# Breaking in a barrel



## lexani525 (Feb 2, 2009)

I am new to shooting and just recently purchased a Glock 19. I was curious to know if there is such thing as breaking in the barrel. Is there any procedure for selecting ammo or cleaning that I should follow when shooting my gun for the first few times? Any advice would be appreciated.


----------



## literaltrance (Dec 24, 2008)

Some manufacturers recommend a break-in where you should only use ball ammo for the first 200ish rounds, but with a Glock? Nope.

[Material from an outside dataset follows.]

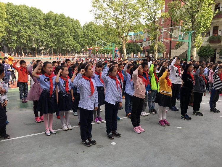 在大队长包怡诺同学的带领下,全体新队员呼号,一句"时刻准备着!"响彻校园上空。
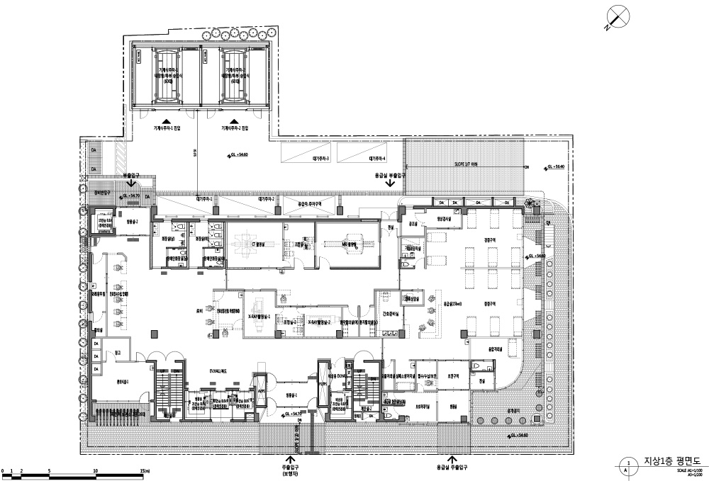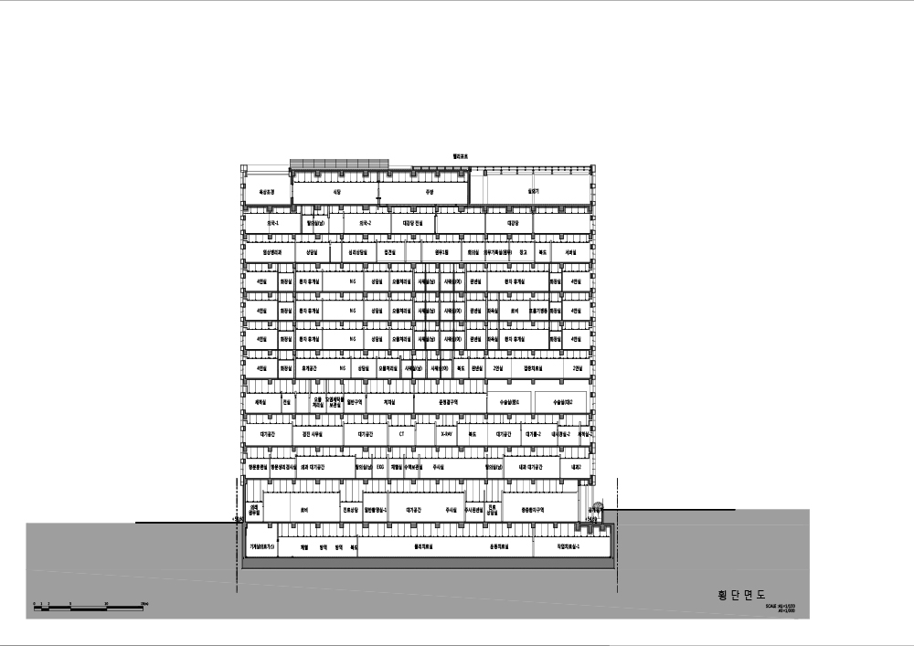 A hospital located under Apsan Mountain in Songhyeon-dong, Dalseo-gu. It faces Songhyeon station as well as a residential area and commercial facilities in its surrounding. The roadside site environment and the surrounding arcades are harmonious, and the pedestrian passages within the site have been expanded to provide an open space to local residents, and the new community space (public open space) creates natural encounters for local residents. On the first floor, there is a lobby that can be accessed from the front and back sides of the building as well as an emergency room that can be accessed quickly. The second floor holds the specialist outpatient clinics inlcuding the surgery, medicine, orthopedic and plastic surgery departments, and the third floor contains health examination facilities. On the fourth floor, there is the central supply room, ERCP room, and operating room, and the fifth to eight rooms hold the hospital rooms. The clinical pathology department, in-hospital pharmacy, and hospital administration/general affairs divisions are on the ninth floor, the hospital staff rooms and auditorium are on the tenth floor, and a restaurant is on the eleventh floor.

That thing will shoot just as good at 15,000 rounds as it does right out of the box.


----------



## SaltyDog (Jan 1, 2009)

As far as I know there is no break-in for a barrel. One thing that is recommended by Glock is to us a copper cutter such as Kleenbore No. 10 Copper Cutter to counter the effects of jacketed rounds leaving copper residue in the barrel. Also Glock recommends factory loads and that is all I shoot (just because I do not reload).


----------



## Glockamania® (Dec 21, 2006)

With respect: Please read the manual first, before doing anything.


----------



## literaltrance (Dec 24, 2008)

Glockamania® said:


> With respect: Please read the manual first, before doing anything.


Glockamania brings up a good point. For example, the Glock manual is littered with jargon instructing NOT to use lead cast bullets because of the polygonal rifling. Use copper jacket ammo only. This is contrary to hundreds of thousands of grooved rifled barrels out there which can handle 100% lead cast bullets just fine, but polygonal rifling just doesn't like lead on its walls (if I had to guess, I'd say there's too much friction against the lead bullet, and being lead is relatively soft, the bullet deforms before it exists the barrel). I've actually seen people complain in their ammo reviews saying "my Glock shot these XXX brand semi-wadcutters like crap! I will never buy again!!!" Uh.... 

The Glock is a tool, but nonetheless a lethal one. Definitely read the manual for a tool of this caliber (har har har, see what I did there??? :mrgreen::mrgreen::mrgreen


----------



## SaltyDog (Jan 1, 2009)

The Glock is a tool, but nonetheless a lethal one. Definitely read the manual for a tool of this caliber (har har har, see what I did there??? )


You're a poet and don't even know it.

Good advice guys and I agree - read the book.:mrgreen:


----------